I have always wondered why the Dutch model of housing development has not caught on anywhere in the United States. Dutch design is certainly popular, and Dutch approaches to integrated water management and landscape architecture have also had some influence, but the models of housing and concentrated urban development combining different income levels that the Dutch have used to create millions of new housing units in neighborhoods under the “VINEX” (Vierde Nota Ruimtelijke Ordening Extra, or, Fourth Memorandum Spatial Planning) program has not had, as far as I know, any American followers. It is a shame, because Dutch planners have shown us how to design neighborhoods that start to make sense out of sprawl, creating moments of urbanity that preserve the relationship to the landscape and existing structures that is so crucial to replacing bulldozer-based development with something more sane and livable.
Now Fulcrum Property in Sacramento has constructed the first phase of the Bridge District, a mixed-use project that will encompass 4,000 residential units, 5 million square feet of office buildings, and 500,000 square feet of retail space once it fills out its 188-acre site across the Sacramento River from downtown (full disclosure: Fulcrum's president, Mark Friedman, is a supporter of the Frank Lloyd Wright School of Architecture, where I am dean, and its design director, Stephen Jaycox, is an old friend and former student). Two rows of houses are finished and can serve as a proof of concept; another block is now under construction.
The basic layout of the Bridge District, from EDAW (now part of AECOM), is conventional: a slightly deformed grid in which taller elements punctuate edges and frame entrances. What is remarkable is the form the first phase has taken. Friedman and his designers—including Mark Dziewulski, AIA, principal of DZ Architect—traveled to the Netherlands and based the Bridge District design on Borneo Sporenburg, the Adriaan Geuze-planned community in Amsterdam’s old harbor district. For the Bridge District, Fulcrum created nearly-identical row houses that each have a slightly different appearance. They sport stoops in their front façades facing a shared park, while cars drive into the garages that hide behind those stoops from the rear. Four-story apartment buildings anchor the vest-pocket neighborhood. The buildings present themselves as stripped-down compositions of planes and blocks, but their variety and repetition makes the whole feel lively and human-scaled.
The scale feels right, the variety creates a lively visual field, and the park is designed with enough amenities to be usable, even on the hot afternoon we were visiting, while not being crowded with too many doo-dads.
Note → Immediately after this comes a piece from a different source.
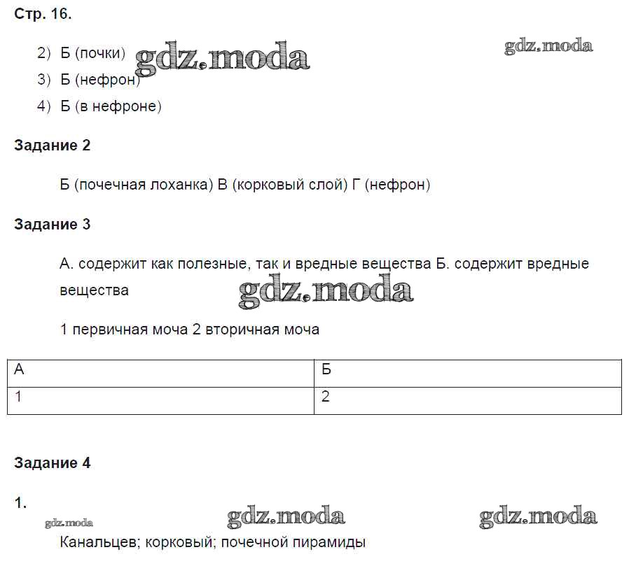 ГДЗ решение к заданию № 16 Биология 8 класс рабочая тетрадь Маш Р.Д. Вентана-граф 2019 Часть 1, Часть 2 ФГОС бесплатно на гдз.мода!

Even though the surroundings are still empty fields, the part of the Bridge District feels immediately like a real place that, unlike its New Urbanist counterparts, actually opens up to its surroundings.
Fulcrum is anchoring the Bridge with a “Barn:” a tilted boomerang clad in cedar shingles that curves its way out of the grid, framing views of downtown while providing a focal point for the neighborhood. Friedman and Jaycox are still figuring out exactly what the Barn, designed by Dutch landscape architect Jerry van Eyck, will be; it is meant to act as a community center of sorts, a venue for concerts and fairs, and an event space with a catering kitchen. It is also a large object that breaks the grid and provides a sense of scale and unpredictable, picturesque variety (Van Eyck worked with Geuze on Borneo Sporenburg, which includes a similarly unpredictable object). Friedman, van Eyck, and Jaycox see the Barn as a medium-scale urban attractor appropriate to a neighborhood, as opposed to larger amenities such as stadia (there is a Triple A ballpark on the site already) and cultural facilities. It is certainly a beautiful object, rising out of the landscape to evoke both the tradition of agriculture that is so central to the region and the fluidity of modern urban life.
It is, of course, too early to be able to tell whether the Bridge District will be a success. It is also true that, given the amount of investment Fulcrum is making here and the prices they are asking for the spaces, the whole neighborhood will not have the social variety that is part of what makes the Dutch examples so compelling. It is evident by now, however, that the Bridge District is off to a good start. It offers an alternative to both cookie-cutter cul-de-sac development and the kind of cheap and ugly rental prisons thrown up with Type 3 construction that are becoming more and more common when developers make “dense” housing. I hope not only that its future phases will live up to this promise, but also that the Bridge will prove that some of the urban forms developed in the Netherlands might help us figure out how to make sprawl work better in this country.